* **WHAT THE TASK REQUIRES**
In the records below, reproduce exactly the lines from the one containing "Generic - إبريق" through the one containing "- ADVANCED AIR", both included, and omit the pictures.

* **PROVIDED RECORDS**
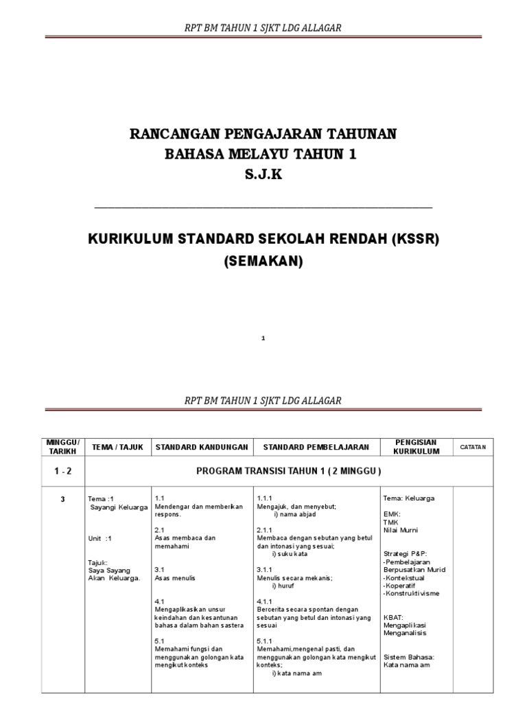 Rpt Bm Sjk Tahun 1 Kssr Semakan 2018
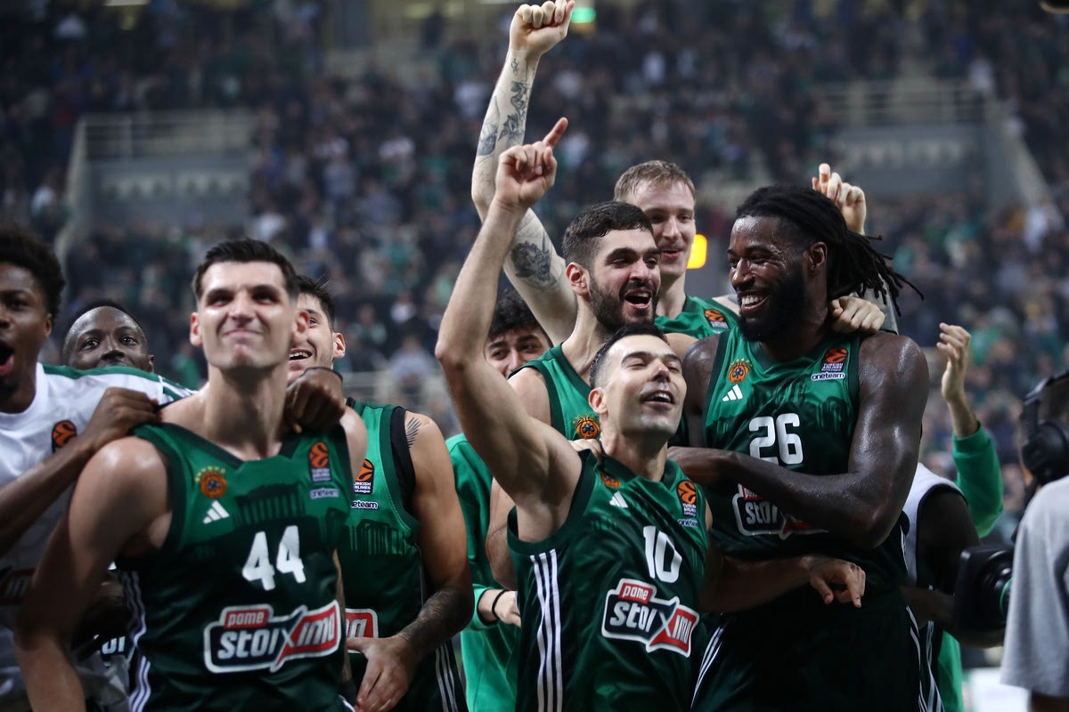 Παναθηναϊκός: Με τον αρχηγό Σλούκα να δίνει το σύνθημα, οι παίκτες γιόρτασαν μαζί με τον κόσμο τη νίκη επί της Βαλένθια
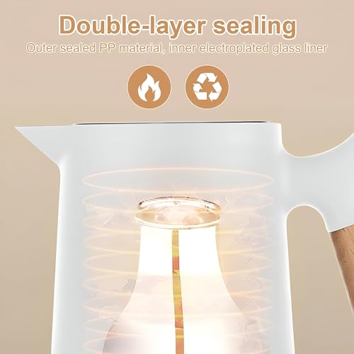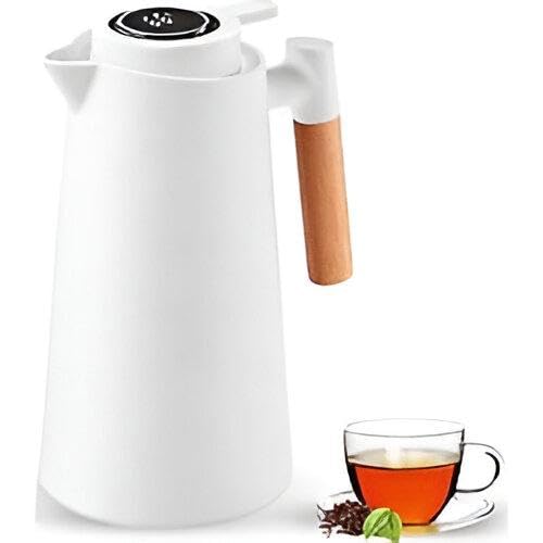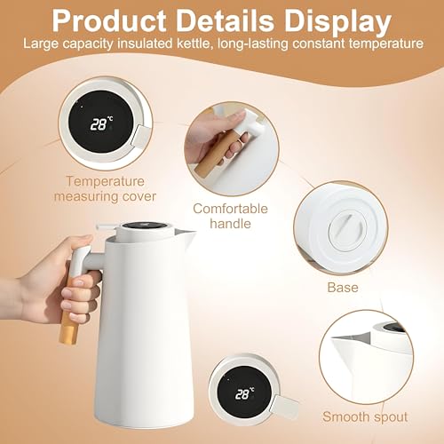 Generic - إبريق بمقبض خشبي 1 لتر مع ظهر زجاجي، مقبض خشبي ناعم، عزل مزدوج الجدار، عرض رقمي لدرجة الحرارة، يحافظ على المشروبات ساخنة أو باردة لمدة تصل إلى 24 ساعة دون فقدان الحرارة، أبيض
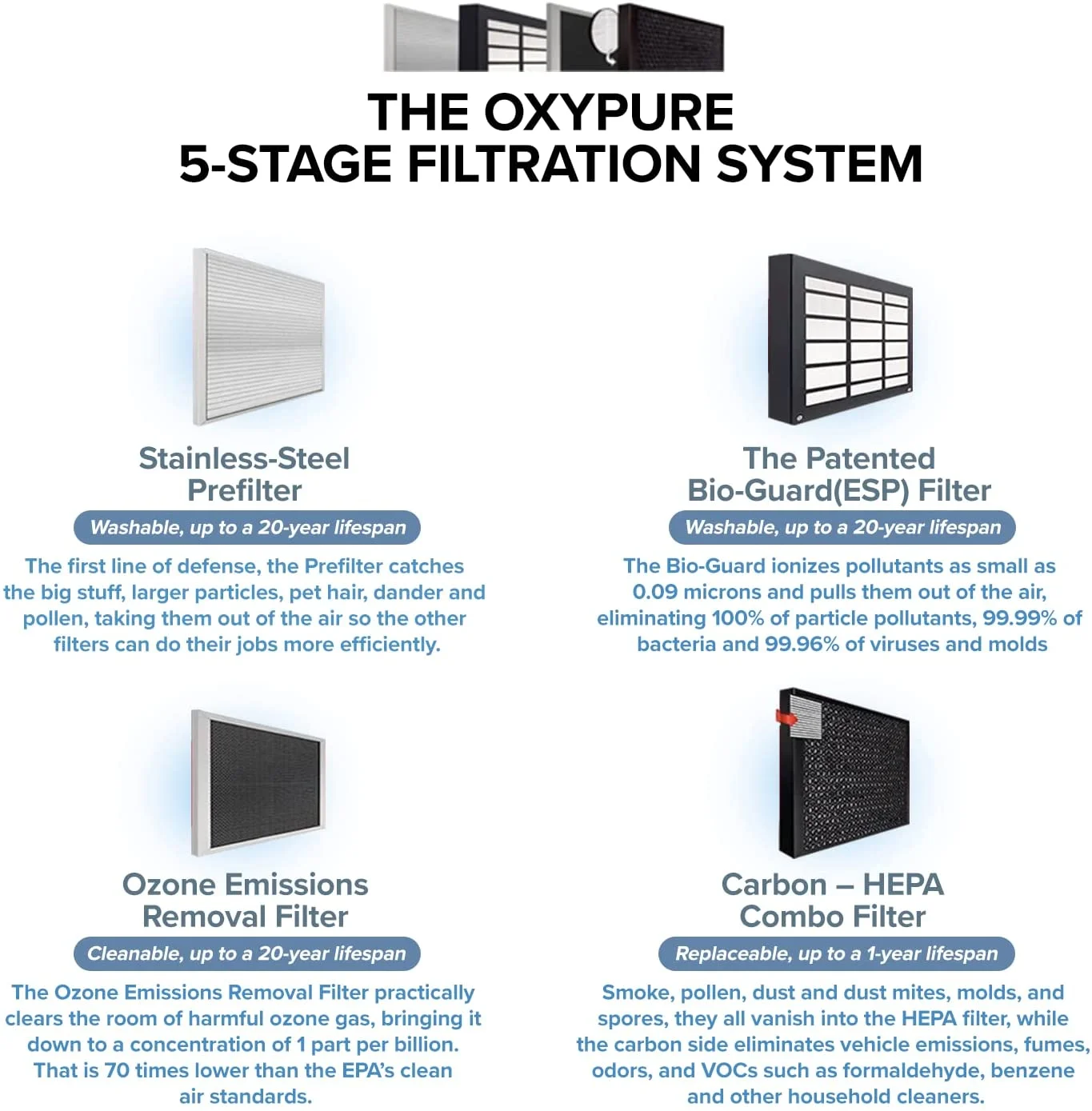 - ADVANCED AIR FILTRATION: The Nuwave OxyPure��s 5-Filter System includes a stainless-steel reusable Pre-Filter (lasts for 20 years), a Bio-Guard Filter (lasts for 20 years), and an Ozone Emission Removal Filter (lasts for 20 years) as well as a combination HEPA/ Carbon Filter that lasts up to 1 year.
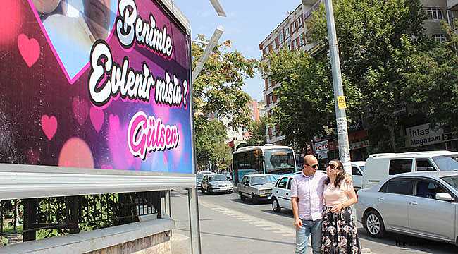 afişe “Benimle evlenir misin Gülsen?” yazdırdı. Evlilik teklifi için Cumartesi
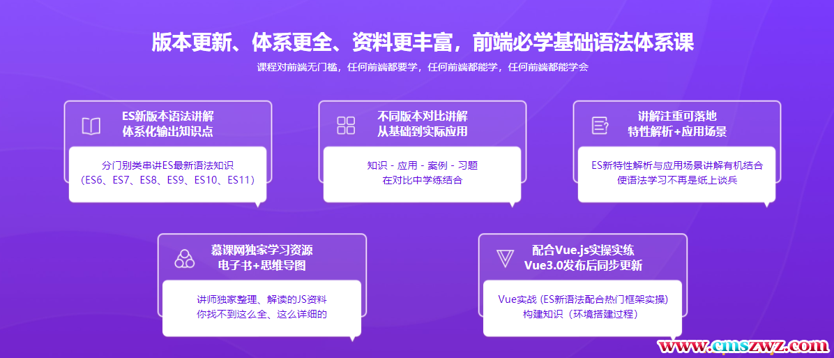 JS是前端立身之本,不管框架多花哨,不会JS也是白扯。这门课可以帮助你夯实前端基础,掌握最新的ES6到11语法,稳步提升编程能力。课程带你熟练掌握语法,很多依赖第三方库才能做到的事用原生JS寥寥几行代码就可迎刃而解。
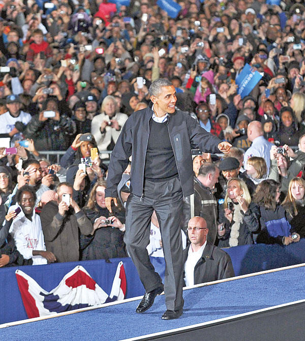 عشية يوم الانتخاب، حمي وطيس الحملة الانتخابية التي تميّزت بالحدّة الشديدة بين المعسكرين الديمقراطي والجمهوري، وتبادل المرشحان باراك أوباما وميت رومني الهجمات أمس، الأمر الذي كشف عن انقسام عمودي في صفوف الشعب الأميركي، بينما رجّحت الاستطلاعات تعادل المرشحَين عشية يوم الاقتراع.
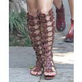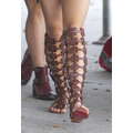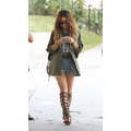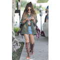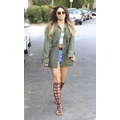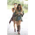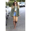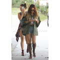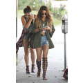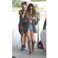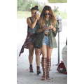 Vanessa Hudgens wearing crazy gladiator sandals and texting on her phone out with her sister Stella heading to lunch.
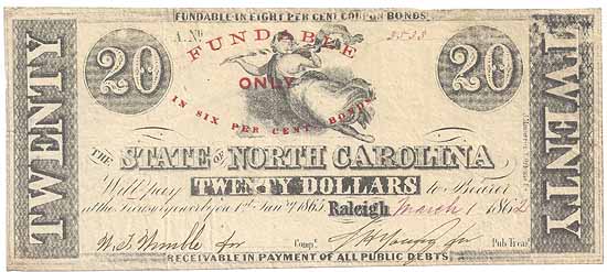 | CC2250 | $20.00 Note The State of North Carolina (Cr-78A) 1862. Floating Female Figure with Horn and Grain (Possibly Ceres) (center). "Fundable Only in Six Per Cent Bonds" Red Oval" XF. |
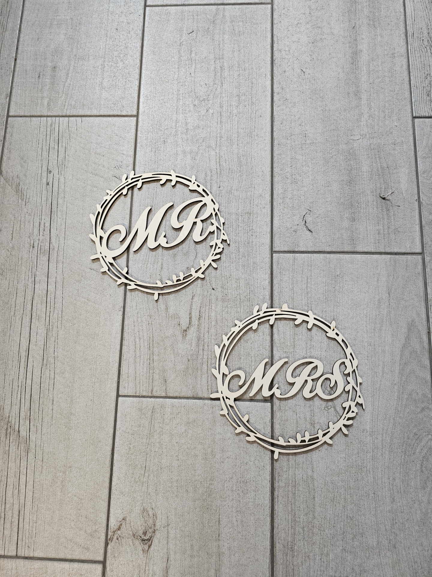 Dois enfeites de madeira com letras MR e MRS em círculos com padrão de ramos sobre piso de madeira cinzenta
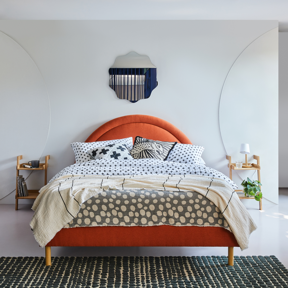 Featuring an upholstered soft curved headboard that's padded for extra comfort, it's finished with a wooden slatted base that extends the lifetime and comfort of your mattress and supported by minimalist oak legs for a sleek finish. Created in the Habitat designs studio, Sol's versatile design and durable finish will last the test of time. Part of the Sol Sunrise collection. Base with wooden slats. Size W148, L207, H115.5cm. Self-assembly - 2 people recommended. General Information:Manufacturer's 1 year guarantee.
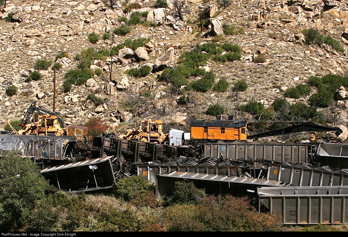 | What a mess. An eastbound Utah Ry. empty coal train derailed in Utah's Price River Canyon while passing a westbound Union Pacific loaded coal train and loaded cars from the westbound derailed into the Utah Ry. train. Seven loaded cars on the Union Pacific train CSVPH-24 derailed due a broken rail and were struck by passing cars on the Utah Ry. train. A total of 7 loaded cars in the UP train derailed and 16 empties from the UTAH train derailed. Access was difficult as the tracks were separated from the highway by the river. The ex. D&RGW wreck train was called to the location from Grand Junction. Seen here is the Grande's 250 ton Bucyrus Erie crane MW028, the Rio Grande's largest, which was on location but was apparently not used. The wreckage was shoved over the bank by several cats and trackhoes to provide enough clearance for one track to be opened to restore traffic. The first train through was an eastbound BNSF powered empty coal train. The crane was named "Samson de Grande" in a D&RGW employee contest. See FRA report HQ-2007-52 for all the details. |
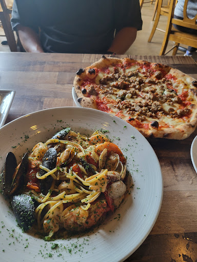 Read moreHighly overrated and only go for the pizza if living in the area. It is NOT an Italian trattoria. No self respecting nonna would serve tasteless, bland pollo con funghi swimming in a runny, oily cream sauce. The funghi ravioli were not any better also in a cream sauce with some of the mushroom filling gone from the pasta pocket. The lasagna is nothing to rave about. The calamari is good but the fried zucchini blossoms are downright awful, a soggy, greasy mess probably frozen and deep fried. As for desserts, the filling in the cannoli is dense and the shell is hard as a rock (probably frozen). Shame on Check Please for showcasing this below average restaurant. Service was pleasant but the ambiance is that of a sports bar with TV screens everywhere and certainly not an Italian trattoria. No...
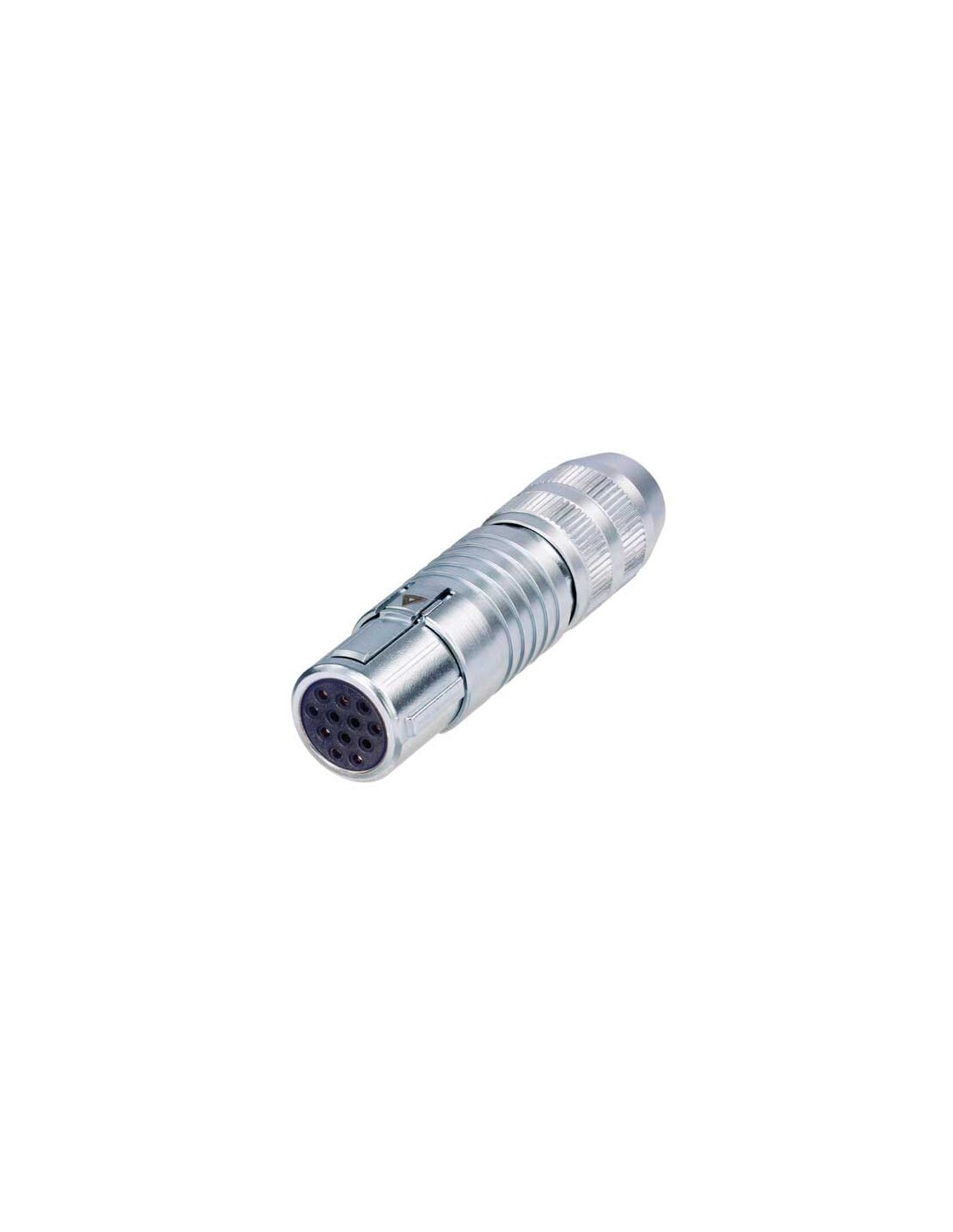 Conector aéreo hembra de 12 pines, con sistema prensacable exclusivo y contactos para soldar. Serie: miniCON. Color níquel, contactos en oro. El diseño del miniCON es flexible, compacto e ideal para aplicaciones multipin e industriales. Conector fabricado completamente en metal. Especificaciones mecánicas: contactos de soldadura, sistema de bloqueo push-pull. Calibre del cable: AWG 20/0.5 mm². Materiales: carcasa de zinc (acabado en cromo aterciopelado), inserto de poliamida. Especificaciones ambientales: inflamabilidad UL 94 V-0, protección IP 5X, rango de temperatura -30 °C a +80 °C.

* **THE COMPLETED TASK**
 Generic - إبريق بمقبض خشبي 1 لتر مع ظهر زجاجي، مقبض خشبي ناعم، عزل مزدوج الجدار، عرض رقمي لدرجة الحرارة، يحافظ على المشروبات ساخنة أو باردة لمدة تصل إلى 24 ساعة دون فقدان الحرارة، أبيض
 - ADVANCED AIR FILTRATION: The Nuwave OxyPure��s 5-Filter System includes a stainless-steel reusable Pre-Filter (lasts for 20 years), a Bio-Guard Filter (lasts for 20 years), and an Ozone Emission Removal Filter (lasts for 20 years) as well as a combination HEPA/ Carbon Filter that lasts up to 1 year.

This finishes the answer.